For comparison Wolfram takes quite a bit more time to just compute tenth derivative of the same function than it takes to get the first 1000 terms of polynomial, which, if done naively, would require differentiating the function 1000 times.
https://www.wolframalpha.com/input/?i=tenth+derivative+1%2F%28%281-x%5E5%29%281-x%5E7%29%281-x%5E11%29%29

Answer 1

tl;dr: The coefficient of x^N is the number of ways that N can be partitioned using only 5, 7, and 11.

I’m not sure how Wolfram does it, but for this function, it is possible to more efficiently compute the coefficients (using techniques you would see at the end of your first year in calculus).

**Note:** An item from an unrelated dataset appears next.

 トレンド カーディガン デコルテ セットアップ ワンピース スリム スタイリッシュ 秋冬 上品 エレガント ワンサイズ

As a power series, 1/(1-x)=∑_k=0^∞ x^k. But we can replace x with xⁿ, and the relation will still hold. This means that
1/((1-x⁵)(1-x⁷)(1-x¹¹)) = (∑_k=0^∞x^5k)(∑_k=0^∞x^7k)(∑_k=0^∞x^11k)

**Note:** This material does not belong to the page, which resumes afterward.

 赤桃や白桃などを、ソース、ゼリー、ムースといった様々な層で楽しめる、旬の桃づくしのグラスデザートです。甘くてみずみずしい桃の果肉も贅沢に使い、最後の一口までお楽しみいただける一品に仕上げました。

Multiplying this out would be a pain. But all of the coefficients are 1, so we only need to look at the exponents, which add together. For example, Wolfram shows that the coefficient of x⁴⁰ is 4, which is from (x^5·1)(x^7·5)(x^0·11)+(x^5·0)(x^7·1)(x^11·3)+(x^5·3)(x^7·2)(x^11·1)+(x^5·8)(x^7·0)(x^11·0).

But if we only need to add the exponents, then we don’t need to care about the coefficients or the variable x. In the end, the coefficient of x^N is the number of ways that N can be written as a sum of 5s, 7s, and 11s. This is a restricted version of the partition problem, but the same ideas would still hold. In particular, a dynamic programming approach would be able to calculate coefficients in linear time and space.

Answer 2

Not sure about the fraction's numerator, but I can see why its denominator is growing much too fast:

factorial*=factorial+1;

is not how you calculate a factorial. That more than squares the "factorial" value on the denominator with each iteration! So you will get 1, 2, 6, 42, 1806, 3263442... By contrast, factorials go 1, 2, 6, 24, 120, 720...

To calculate the factorial incrementally, maintain a loop counter, and multiply factorial by that each time.